Caring at Christmas

23rd December 2019

 Gail St Juste-Alcide
Christmas is a time for celebration. However, it can also highlight feelings of sadness and loss. Our wonderful care team do their utmost to support Pensioners, whatever their needs, during the festive season. Senior Staff Nurse Gail St Juste-Alcide told us about Christmas on Campbell Ward, where Pensioners living with dementia are cared for.  

At this time of year, we decorate the ward – we have trees, tinsel and a crib. Pensioners work with members of staff to make decorations. This year, they’ve made stars to hang outside their rooms and colourful pompoms. Our artist in residence helped the Pensioners to make miniature canvases for the craft advent calendar in the Infirmary reception too. 

As Christmas approaches, Pru who plays piano for the Pensioners each Thursday starts to do seasonal songs and Colin Thackery sings with her. The team who work here love singing and dancing too and that makes the Pensioners smile! Familiar faces are very important when someone has dementia. We always have regular staff to look after the Pensioners, otherwise they can get fearful and think ‘this person doesn’t understand me’.

Granting Pensioners’ Christmas wishes

Everybody in the ward has a Christmas wish list. If they can’t speak, or don’t have relatives to help, we’ll put our heads together and think what they’d like. Then we’ll buy each of them several presents and wrap them up. One Pensioner wanted a bottle of whisky last year! We’ll read out Christmas cards for them and help them to unwrap gifts. If they want to go to events – like Christmas Mass in the Wren Chapel – we’ll take them there, sit with them and take them back again. 

On Christmas Day, Pensioners wear Christmas hats and we wear Christmas jumpers – there are no uniforms and Campbell Ward has a family feel. Relatives will visit and we provide them with accommodation if needed. If a Pensioner doesn’t have family, we’re their family. As the main advocate for the Pensioners’ care, their Captain gets involved in our celebrations. The Matron comes to see the Pensioners and the Chaplain and Director come to all the wards and greets each Pensioner. Santa also comes to give out presents and we take photographs with the Pensioners’ consent. 

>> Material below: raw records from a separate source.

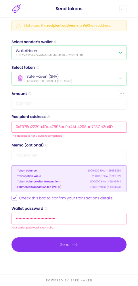 Make sure the recipient's address is compatible with the blockchain you're using. Sending tokens to an incompatible address may result in lost funds.
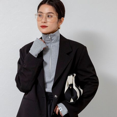 ・首元のハーフジップは、開閉によって印象を調整できるデザイン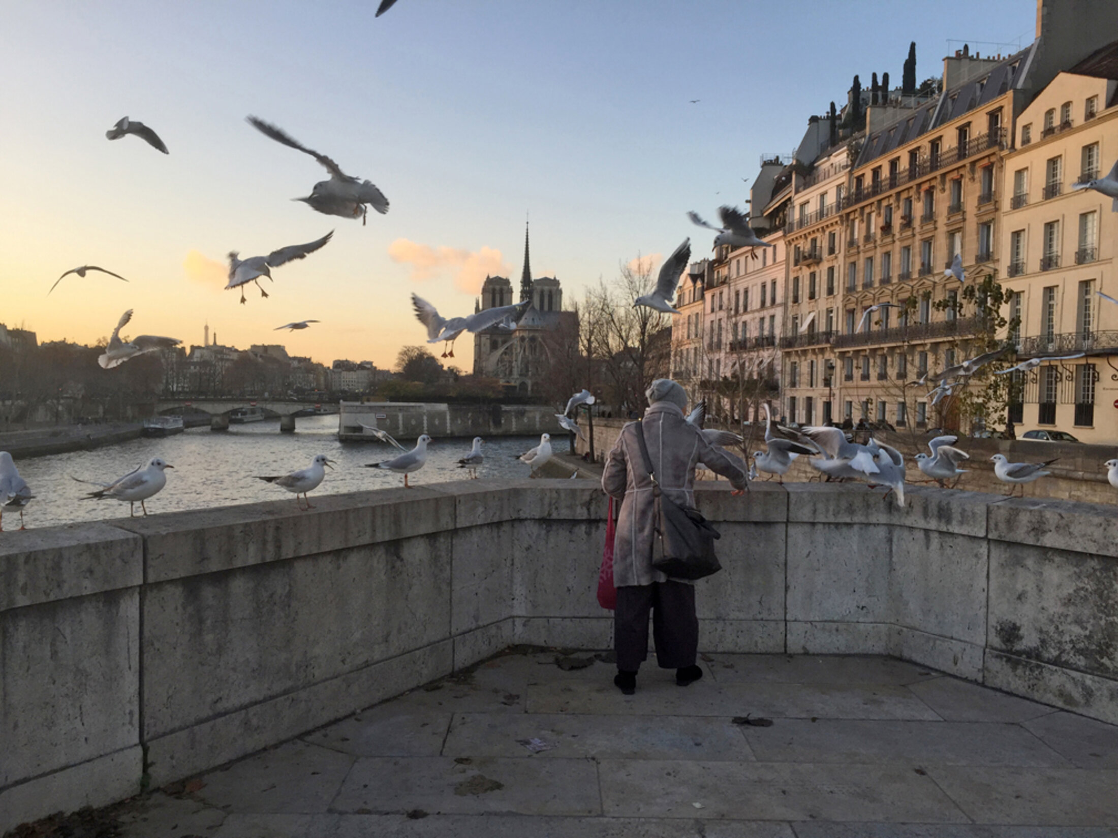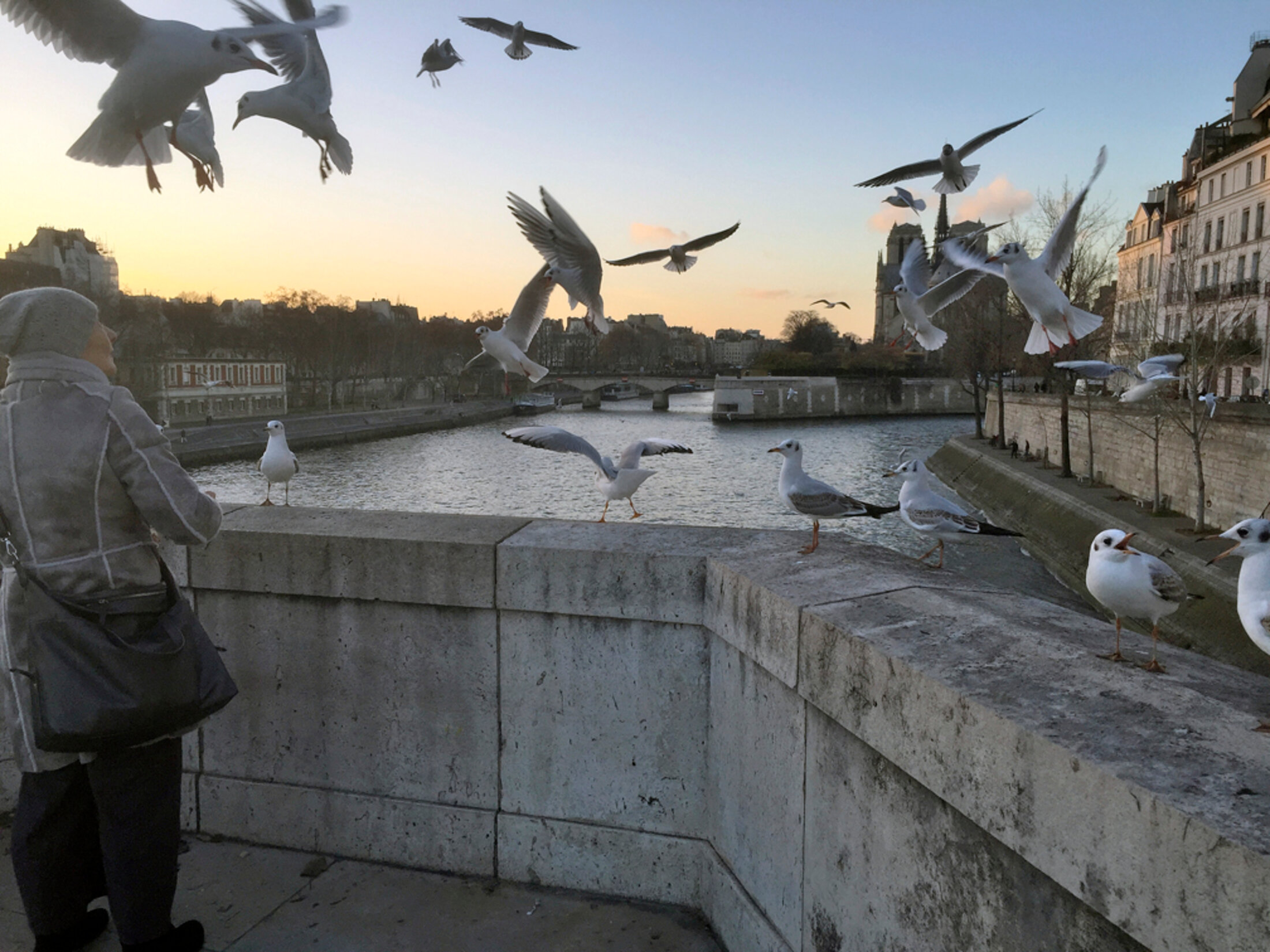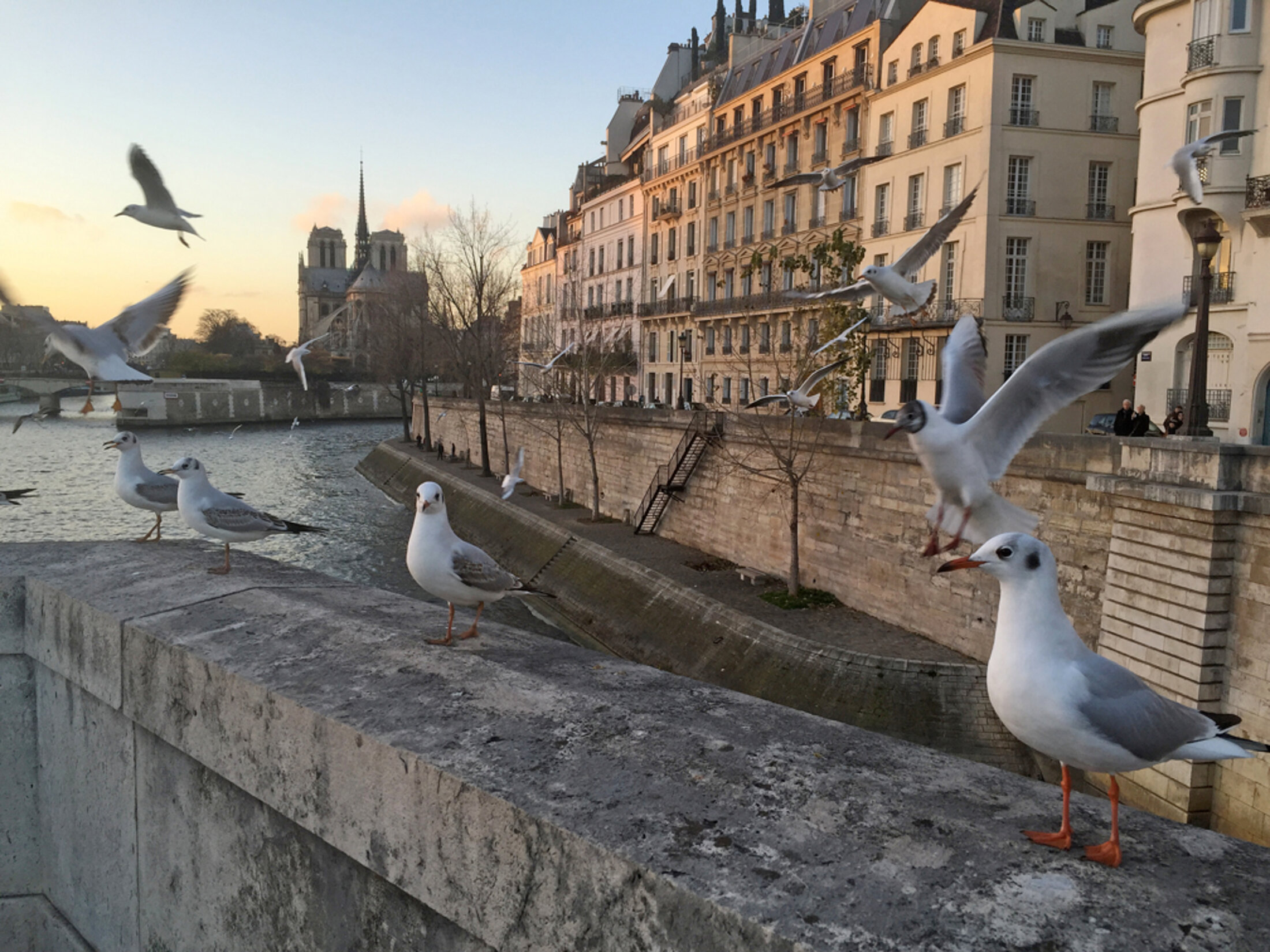 Je ne sais si les icebergs en fondant feront vite de Paris une ville littorale, baignée d'une onde fraîche. Je ne sais si les oiseaux de mer, écœurés de marées noires et de dégazages sauvages, se replient dans les centres urbains pour voler du poisson en bocal. Je ne sais si la folie du tourisme et des selfies devant Notre-Dame atteint aussi les animaux. Ou si le séjour est assez tempéré pour s'épargner de plus épuisantes migrations. Mais les mouettes, en automne, débarquent à la capitale. Le promeneur des rives de la Seine déambule le long des échoppes des bouquinistes dans une ambiance acoustique de plage normande. Cri mélancolique et lent vol plané dans le ciel par-dessus les toits ; virgules blanches rayant l'azur d'une clémente arrière-saison. Émergeant du métro à Pont-neuf, on est à Honfleur sur l'Île de la Cité.

Respecting Pensioners choices  

On the big day we decorate the tables with tealights and crackers and sit with the Pensioners. The food is good – there’s turkey and Christmas puddings as well as other choices. If Pensioners can’t speak, we’ll go through the menu with them and they’ll nod or point – we know what they’re trying to tell us. Giving people a choice is important for wellbeing. In dementia care people get very unhappy if they think you’ve taken their rights and responsibilities away. You can see it and sense it. That’s why we also give them options when they’re getting dressed – we’ll ask “Would you like to wear this, or this? Do you prefer this colour or that one?” 

Christmas heightens everything. If you don’t know someone’s likes or dislikes they can get aggressive or depressed. We get to know their preferences. When they’re admitted, we find out as much information as possible on their history, so we can create a care plan. For example, they’ll be certain music they might like or dislike. Many of the Pensioners enjoy carols and love it when children come in to sing them.

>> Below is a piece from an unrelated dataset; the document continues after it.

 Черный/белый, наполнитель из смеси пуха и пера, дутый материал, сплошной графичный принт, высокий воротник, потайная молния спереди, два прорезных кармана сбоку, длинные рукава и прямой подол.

Caring for the Pensioners who find Christmas difficult

If a Pensioner is getting end-of-life care, it’s a sad time for their family. Pensioners and their loved ones may reminisce about childhood or wartime Christmases. Those of us who work here remember Pensioners who are no longer here, or what they said before they had dementia. 

Some of our Pensioners struggle at this time of year. One Pensioner never liked Christmas, because his son died in an accident on that day. He would cry and refuse to eat or drink. We provided one-to-one, person-centred care for him – caring for him in his room, or in an area without decoration. We didn’t talk about Christmas to him, but would give him extra attention, so he didn’t feel left out.  Schools often come in at this time of year, but one of our Pensioners isn’t comfortable with children, so we’ll take her away for another activity at those times.

Sometimes the celebrations can become too much for a Pensioner. If that happens, we’ll take him or her to our quiet room. It’s dimly lit with different records to choose from. It has access to our balcony too, so we can wheel them outside too, which is calming.

Whatever a Pensioner’s needs are, we do our best to meet them. We try to make them happy at all times, Christmas or not.